■ Task material:
·····
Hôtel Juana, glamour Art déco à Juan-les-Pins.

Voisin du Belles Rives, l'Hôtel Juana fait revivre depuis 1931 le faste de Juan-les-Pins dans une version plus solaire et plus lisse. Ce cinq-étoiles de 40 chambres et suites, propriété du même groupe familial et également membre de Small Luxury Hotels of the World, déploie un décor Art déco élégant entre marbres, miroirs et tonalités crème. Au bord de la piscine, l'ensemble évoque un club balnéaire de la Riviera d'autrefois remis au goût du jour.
·····
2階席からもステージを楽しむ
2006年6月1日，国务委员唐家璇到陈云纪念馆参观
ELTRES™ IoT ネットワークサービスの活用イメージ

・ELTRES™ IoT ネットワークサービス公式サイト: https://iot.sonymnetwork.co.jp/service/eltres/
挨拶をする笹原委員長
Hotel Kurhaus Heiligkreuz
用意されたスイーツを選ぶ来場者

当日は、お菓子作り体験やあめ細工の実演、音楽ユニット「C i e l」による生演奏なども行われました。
·····
■ Problem details:
Throughout the material above, find each line with "Hôtel" and return it.

■ Answer to the problem:
Hôtel Juana, glamour Art déco à Juan-les-Pins.
Voisin du Belles Rives, l'Hôtel Juana fait revivre depuis 1931 le faste de Juan-les-Pins dans une version plus solaire et plus lisse. Ce cinq-étoiles de 40 chambres et suites, propriété du même groupe familial et également membre de Small Luxury Hotels of the World, déploie un décor Art déco élégant entre marbres, miroirs et tonalités crème. Au bord de la piscine, l'ensemble évoque un club balnéaire de la Riviera d'autrefois remis au goût du jour.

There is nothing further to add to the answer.